Встретились мы с ним, обрадовались… Обедал я как-то у него. Вдвоем обедали. Андрей Петрович и стал мне откровенно про свои делишки рассказывать.
— Вот беда-то, — говорит, — здесь у меня все на мази, а в Петербург до зарезу надо съездить — справки там пособрать да барашка в бумажке кой-кому сунуть. Самому отлучиться нельзя, пожалуй, все дело испортишь. А верного человека нет. Хоть волком вой!
Толкуем этак, того, другого перебираем, кого бы можно в Петербург послать. Тот тем не годится, другой другим, а ехать — послезавтра.
— Знаешь ли что, Иван Кондратьич? — говорит Андрей Петрович.
— Что? — спрашиваю.
— Сделай дружбу — съезди!
— Легко сказать: съезди, — отвечаю ему. — Да как ехать-то?
— Не твоя беда: на мой кошт поедешь.
— Не в коште сила, — говорю. — Деньги что! Я и сам думал на Петербург посмотреть. А то возьмите, что в Петербурге я не бывал, приеду, как в лес: никого не знаю, за дело взяться не умею. Чтоб не испортить как-нибудь.
— Об этом, — говорит, — не беспокойся. Дам письма к приятелям, все у тебя выйдет, как по маслу. Мне нужен ты только для верности… А на тебя во всем полагаюсь: дело соседское.

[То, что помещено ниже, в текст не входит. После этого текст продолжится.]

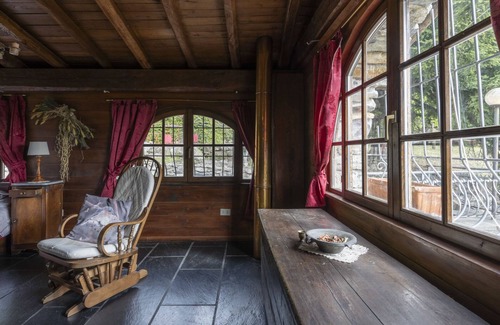 "Villa tra i Cedri", 5-room villa 250 m2, on the ground floor. Tasteful and cosy furnishings: living/dining room with 1 double sofabed (140 cm, length 200 cm), open-hearth fireplace. Exit to the balcony. 1 double bedroom with open-hearth fireplace. 1 double bedroom. Open kitchen (oven, dishwasher, 4 gas rings, toaster, kettle, electric coffee machine). Shower/bidet/WC. On the lower ground floor: kitchen-/living room (oven, 4 gas rings). Exit to the garden, to the terrace. Upper floor: ceiling height 180 cm with rooflight with 1 bed (90 cm, length 200 cm), 1 french bed (120 cm, length 200 cm). Bath/bidet/WC. Wood heating. Heating available only from 15.10. to 30.04. Parquet floors, natural stone floors. 2 terraces 40 m2, large patio. Terrace furniture, barbecue, deck chairs. Panoramic view of the valley and the countryside. Facilities: washing machine, children's high chair, baby cot for up to 2 year olds, hair dryer. Internet (WiFi, free). Maximum 1 pet/ dog allowed. IT008061C2OJLC6KH4

— Соседское-то оно соседское. Только ведь я в откупах никакого толку не смыслю. Особенно по заводу, тут уж ни бельмеса не понимаю. Испортить боюсь. Вот что.
— Ицку пошлю с тобой.
А это — жид был, на заводе винокуром служил. Жидам строго было тогда запрещено в столицах проживать.
— Разве, — говорю, — он здесь? Ведь запрещено…
— Мало ль что запрещено! Не одна сотня жидов на Москве живет, хоть и запрещено.
— Без паспорта?
— Зачем без паспорта? С паспортом, только паспорт-от у него припрятан. Не на виду, значит…
— Как же в полиции-то?
— Мой дворовый человек — и вся недолга.
— А в Петербург-от как же его? Там ведь насчет паспортов еще строже московского.
— Здесь Ицка мой, в Петербурге будет твой.
— Не досталось бы?
— Не ты первый, не ты и последний.
Поладили. На другой день поутру привели лошадей. Ицка на облучок, а я в дормез Андрея Петровича. Отличный дормез: венской работы. Покатили шестериком. Барином ехал.
В Петербурге прожил больше месяца. Что нужно было, обделал хорошо. Поехал с Ицкой в обратный путь.
Вечерком приехали на Чудовскую станцию. Ямщик лихо подкатил дормез к подъезду «путевого дворца», — так назывались тогда станции по новой, только что выстроенной шоссейной дороге из Петербурга в Москву. Дом большой, каменный, у подъезда фонари горят. Проезжающих нет, только парная тележка стоит. Лошади, значит, будут.
Был октябрь на исходе; я прозяб, даром что в дормезе сидел; сильно подмораживало. Вышел из экипажа, иду по лестнице — освещена. Вот, думаю, как бы везде такие станции были, ездить бы сполагоря. А то по нашим местам избушки на курьих ножках: тесные, грязные, а клопов да тараканов видимо-невидимо.
Вхожу в комнату — большая, мебель прекрасная. У притолоки смотритель в струнку вытянулся… «Экий порядок!» — думаю.
— Лошадей! — приказываю смотрителю, а сам подаю ему подорожную. — Шестериком! Да дормез надо подмазать. Распорядись, любезный, а я покамест у тебя чаю напьюсь.
Тогда просто было: станционным смотрителям благородные «ты» говорили.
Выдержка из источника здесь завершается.